Of note is that SNPs in other genes across chromosome 8 were found that showed high LD (LOD>3) with those studied in this report. In particular, SNPs within the β-defensin-1 gene (DEFB1) located at 8p23 in Caucasians, within the pleckstrin and Sec7 domain containing 3 gene (PSD3) located at 8p22 in both Caucasians and Hispanics and the CSMD3 gene at 8q23 in Hispanics were in strong LD with 8q24 SNPs. Cancer-specific loss of DEFB1, which plays an important role in the innate and adaptive immune response, has been found in prostatic carcinomas and is suggested to play a specific role in tumor suppression of advanced PCa via a pathway involving cMYC and PAX2 (41,42). A meta-analysis in breast cancer metastasis indicated that the PSD3 is significantly downregulated (43). The CSMD3 gene has previously been shown to have upregulated expression associated with chromosomal gains (44). Consistent with the findings of Camp et al. (14), LD was also found between the 8q24 region under study and the more telomeric located gene TMEM75.

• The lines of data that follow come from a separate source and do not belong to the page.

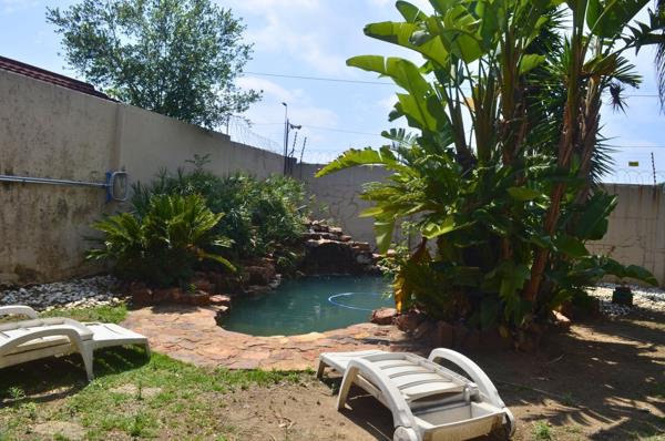 The spacious covered patio, complete with a built-in braai, offers a seamless view of the sparkling swimming pool, lush landscaped garden, and inviting boma area and mdashperfect for family gatherings and relaxed outdoor living.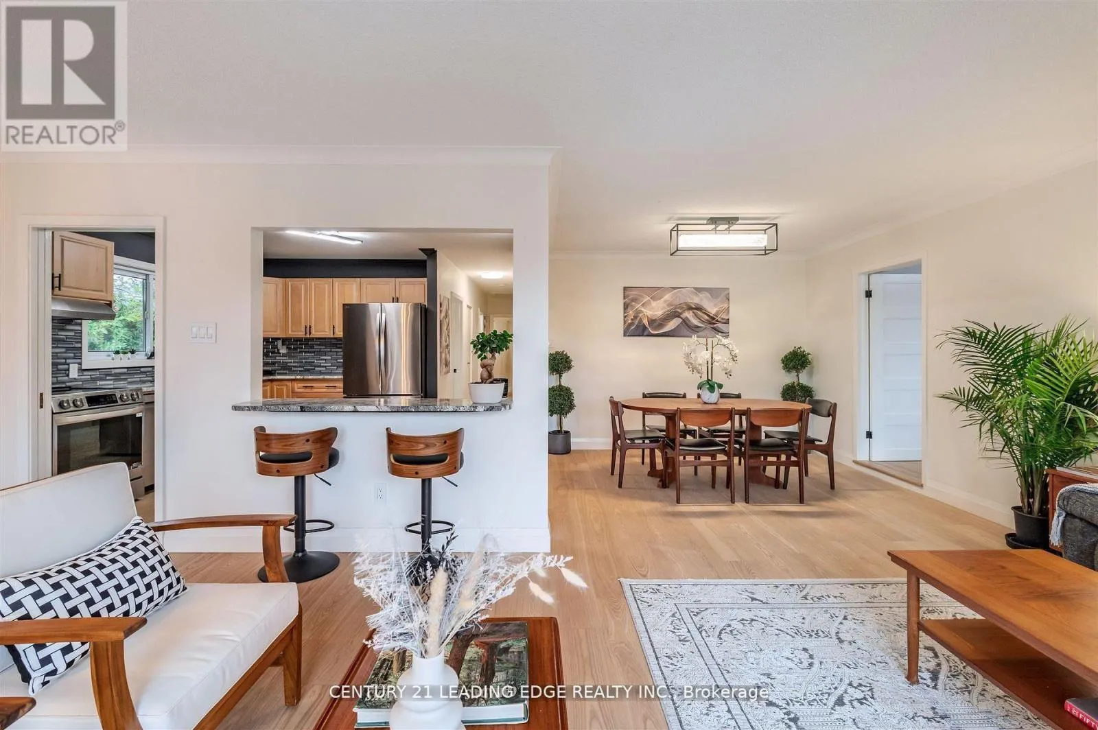 Victoria Park and Lawrence Beautiful RARE 4 BDRM (on the main floor), (1,500 sq.ft on MAIN floor-PLUS over 1,200 sq.ft. on the lower level with a separate side entrance for possible in-law suite or apartment with minor modification. 4th large bdrm can easily convert to a MAIN FLOOR FAMILY ROOM), brick and stone home with garage. Extensively renovated with too many features to list. Huge windows with great sunshine coming in and a true feeling of openness.
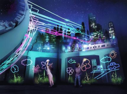 『TOKYO ART CITY by NAKED』には楽しい仕掛けが盛りだくさん。高さ4.3mの東京タワーには実際に登れる展望台があり、目の前にジャンボジェット機が飛び、色鮮やかに変化を続ける“東京”を見下ろせます。渋谷のビルの壁は、指で自由に絵が描けるデジタル落書きコーナーに。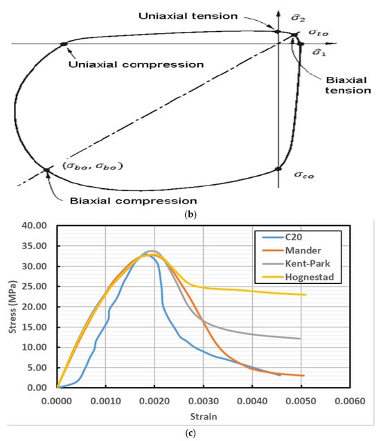 Figure 3 illustrates the models of concrete behavior under uniaxial compression. Figure 3a shows the Mander concrete model, which captures the nonlinear stress–strain response of confined concrete and accounts for the effects of confinement on peak strength and ductility. Figure 3b presents the Kent and Park concrete model, representing both the ascending and descending branches of the stress–strain curve, and is commonly used for modeling reinforced concrete structures. Figure 3c depicts the Hognestad concrete model, which characterizes the compressive behavior of concrete up to and beyond the peak stress, emphasizing post-peak softening. These models provide different approaches to simulate concrete’s mechanical response, helping to predict structural performance accurately. Overall, they serve as essential tools in finite element analysis and design of concrete structures. Figure 4 shows the concrete behavior model under uniaxial tension. Figure 4a shows the bilinear tensile behavior, capturing both the elastic response and post-cracking softening. Figure 4b shows the biaxial yield surface in the CDP model, while Figure 4c shows the stress–strain relationship for C20 concrete. Together, these subfigures highlight the failure mechanisms and the evolution of damage and plasticity under tensile loading.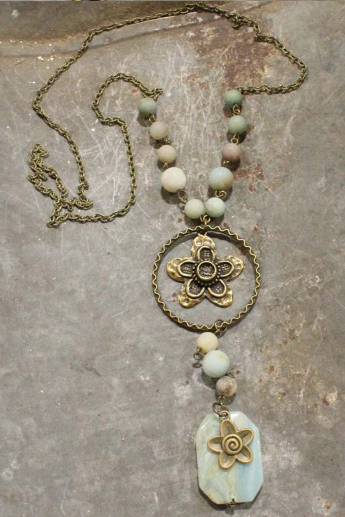 Always in Bloom Bronze Flower & Mint Stone Necklace.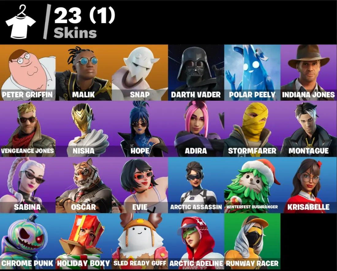 23 SKINS ⸱ For all platforms | Peter Griffin | Malik | Snap | Darth Vader | Polar Peely | Indiana Jones | Vengeance Jones | Nisha | Hope | Adira | Stormfarer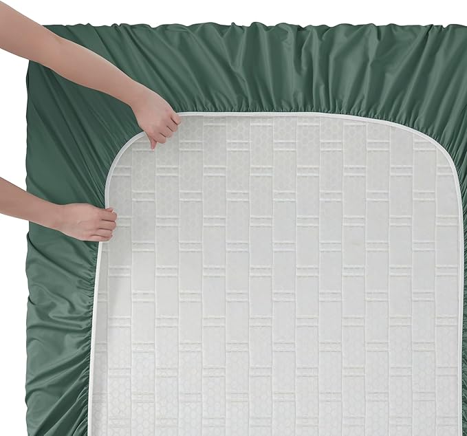 Clara Clark Bed Sheets, Premier 1800 Series Bed Sheet Set, Deep Pocket, Wrinkle, Fade, Stain Resistant, Luxury Soft Bedding Sheets & Pillowcases, Full, Forest Green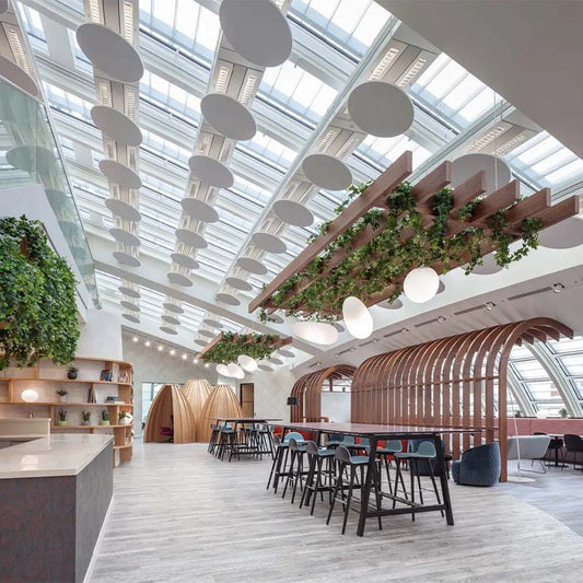 Las plataformas acústicas son perfectas para reducir el ruido en restaurantes con techos altos, añadir un elemento de diseño práctico a las oficinas o crear elementos visuales centrales en recepciones. Desde elegantes y profesionales hasta divertidos y creativos, ofrecemos plataformas de techo que se adaptan a cualquier estilo.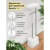 - Аксессуар для ванной 3 в 1: держатель для бумаги, ершик и полочка для телефона

A limitation of our study is that selection of the 49 tagged SNPs, covering a 615 kb region within the 8q24 candidate region, was based on HapMap data of the European population. Due to the ethnic-specific LD patterns, we might have missed some non-tagged SNPs in Hispanics and therefore the SNPs selected in the study may not fully represent all tagged variants in this ethnic group. In addition, our selection of SNPs differs from other reports and thus a complete comparison with several previously reported SNPs was not possible. However, it is clear that even with these weaknesses, our findings, coupled with data from previous reports, indicate that variants within 8q24 play a significant role in the susceptibility to PCa risk.
In summary, our results support the hypothesis that variants in the 8q24 region play an important role in susceptibility of PCa risk in several ethnic groups. This study is the first to confirm the importance of this region in Hispanic men. Our findings further suggest that multiple interacting SNPs within 8q24 but also in different regions on chromosome 8 far beyond this 8q24 candidate region most probably confer increased risk of PCa.
Early Detection Research Network of the National Cancer Institute (U01 CA086402); American Cancer Society (TURSG-03-152-01-CCE), entitled ‘The Role of Genetic Variation in Prostate Cancer among Hispanics and Blacks’; Cancer Support Grant from the NCI number (P30 CA54174).
The participation of all study subjects in SABOR and in the prevalent prostate cancer studies at the University of Texas Health Science Center at San Antonio is gratefully acknowledged. The study could not have been accomplished without the skilled assistance of the SABOR clinical staff.
Conflict of Interest Statement: None declared.